"What I really want is a mutually satisfying relationship."
INTRODUCTION
SEVEN MAJOR QUESTIONS THAT PEOPLE ASK WHEN GOING INTO A NEW RELATIONSHIP.......FROM
A FORMER RELATIONSHIP:
1. HOW CAN I BE SURE THIS ONE WILL LAST?
2. CAN I EVER TRUST ANOTHER MAN/WOMAN AGAIN?
3. WILL I MAKE THE SAME MISTAKES AGAIN?
4. WILL MARRIAGE EVER REALLY MAKE ME HAPPY?
5. WILL ANYONE EVERY REALLY LOVE ME?
6. AM I JUST WASTING MY TIME?
7. AM I REALLY READY FOR THIS DATING THING?
8. (What do you think? __________________________________)
WHAT IS LOVE?
Love is something you do! and you take responsibility for those actions. Love
is being able to wait for the other. Love is a gentle way of treating others.
Love is not a thief that takes away what the other person has. Love is not always
being the center of attention. Love is not arrogant, always flaunting personal
accomplishments. Love is not a destroyer or ignorer of another's reputation.
Love is not seeking, "what can I get out of this relationship." Love
is not a list of all your blunders and mistakes. Love is not a short fuse waiting
to go off. Love is not a good feeling when the other person errors. Love is
thrilled when the other does something well. Love is automatically sharing your
umbrella. Love is going to the other's defense without all the facts. Love says,
"I chose to believe you." Love says, "I know we can make it."
Love says, "I will be here tomorrow." Love says, "I will be your
umbrella, not your doormat."
RELATIONSHIPS ARE FRAGILE BECAUSE....
1. CASUAL society.
2. CONFUSED sexual mores.
3. COMMUNICATION skills are weak/dead.
4. CONFIRMED reality of the relationship myths.
KEY QUESTION: What are the ingredients to a mutually satisfying relationship?

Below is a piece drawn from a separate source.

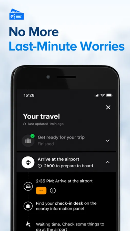 Be aware of every travel step with a simple 48-hour countdown from flight tracking to plane landing.
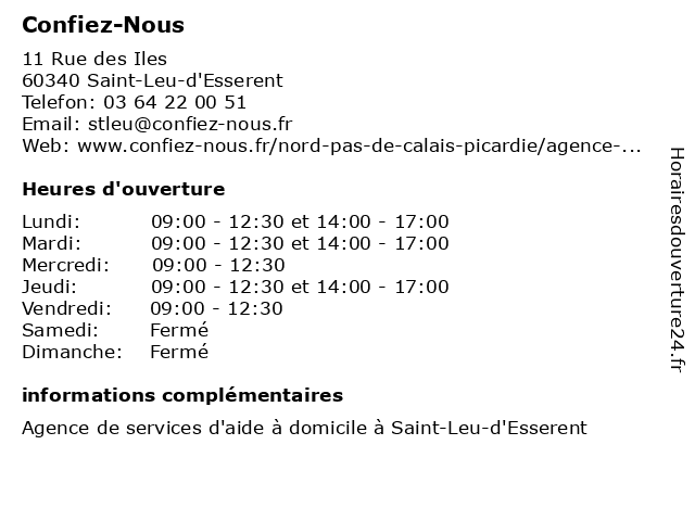 | Mardi | 09:00-12:30 et 14:00-17:00 |

KEY STATEMENT OR THOUGHT: I feel like everyone and everything else is
more important to you than to me.
KEY ACTIVITY: I will do anything I can to get you to see me as the most
valuable person in your life.
KEY ISSUE: Learning to place honor and value on others.
The two great needs that every adult has are:
That someone will respect me.
That someone will cherish me.
Question........What are the characteristics of these two needs?
KEY PRINCIPLES:
VALUING ANOTHER is only as great as you value yourself.
VALUING ANOTHER is a gift that you give, rather than a merit someone has to
earn.
VALUING ANOTHER is best played out by investing and increasing the value of
another from day to day.
THE INCREDIBLE VALUE OF A WOMAN
Principle for Understanding: Fundamentally women are relational.
1. SHE IS BILINGUAL She speaks the languages of intuition and feelings.
2. SHE GIVES GREAT SYMPATHY
3. SHE IS PERSONAL IN HER THINKING
4. SHE BECOMES A PART OF HER ENVIRONMENT
THE TREMENDOUS VALUE OF A MAN
Principle for Understanding: Fundamentally men are doers.
1. If love is something that you do and men are doers, then it makes sense that
men are created to be great lovers.
2. Men show love by providing (doing):
a. Security.
b. Meaningful Conversation.
c. Emotional Bonding.
d. Meaningful Physical Touch.
Question: Why do we not see the great appearance of the above values?
Answers: Bad experiences. No one ever taught us how to value another.
HOW TO ACHIEVE INTIMACY
(Intimacy: Sharing a part of me that I do not normally share with another.)
WHAT TO DO
1. Intimacy requires an initiator and responder. (Two separate people)
2. Don't assume that the other person feels the same way that you do.
3. Remember that the other is just as human as you.
4. Don't push the relationship beyond what the other person can handle.
5. Seek friendship. (Learn to be a giver not a taker.)
6. Place high value on: TIME NARRATIVES TRUST
7. Demand honesty from yourself and the other.
WHAT NOT TO DO
1. Create unrealistic expectations. (Hidden demands)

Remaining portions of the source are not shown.